Hi Min, That is the expected functionality. Only the changes from cr-2 will be applied and any cr-1 changes will be discarded. If the user wants to maintain the cr-1 changes, then they should specify maxPods again in cr-2. We pick the most recent kubelet config changes, we don't combine all the existing ones. Moving back to on_qa.

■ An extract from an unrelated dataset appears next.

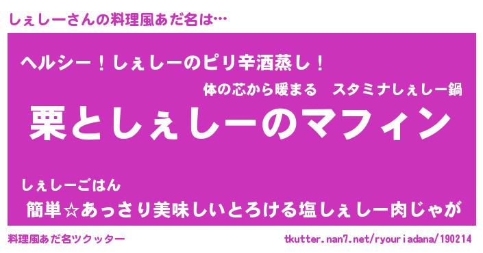| 意味不明あだ名 | 『自称しぇしー』『永久保存しぇしー』 |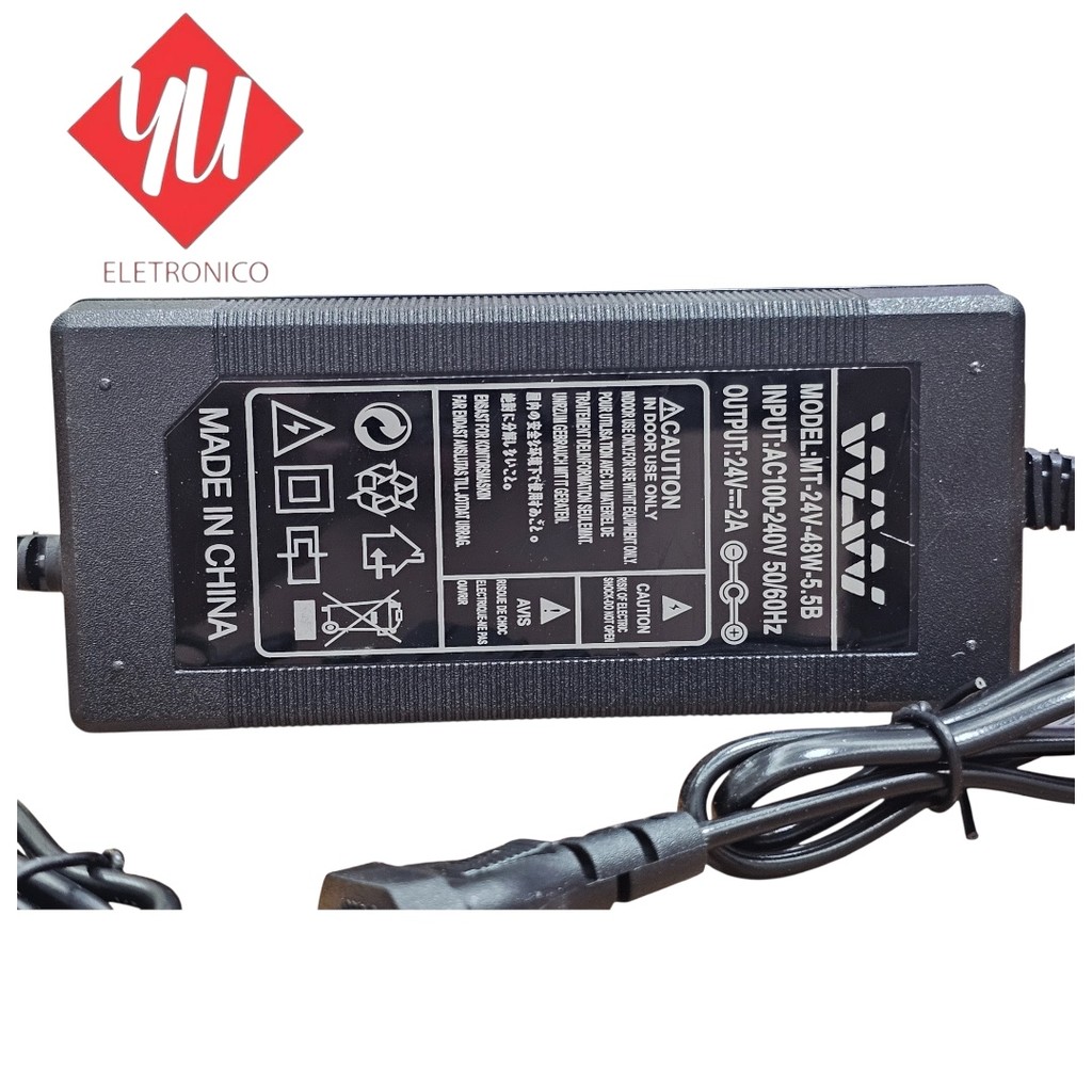 Fonte 24V 2A 48W Bivolt Pino 5.5mm Adaptador de Energia

(In reply to Urvashi Mohnani from comment #12) > Hi Min, > > That is the expected functionality. Only the changes from cr-2 will be > applied and any cr-1 changes will be discarded. If the user wants to > maintain the cr-1 changes, then they should specify maxPods again in cr-2. > We pick the most recent kubelet config changes, we don't combine all the > existing ones. Moving back to on_qa. Hi, Urvashi Mohnani via pr https://github.com/openshift/machine-config-operator/pull/2366, I found it's another thing: - How to verify it Start a cluster and create multiple kubelet config CRs, then delete them and see that the changes on the node rolls back to the previous kubelet config CR and not directly to the defaults. Also, each kubelet config CR will have its own MC and the suffix of the MC name will be stored as annotation in the kubelet config CR.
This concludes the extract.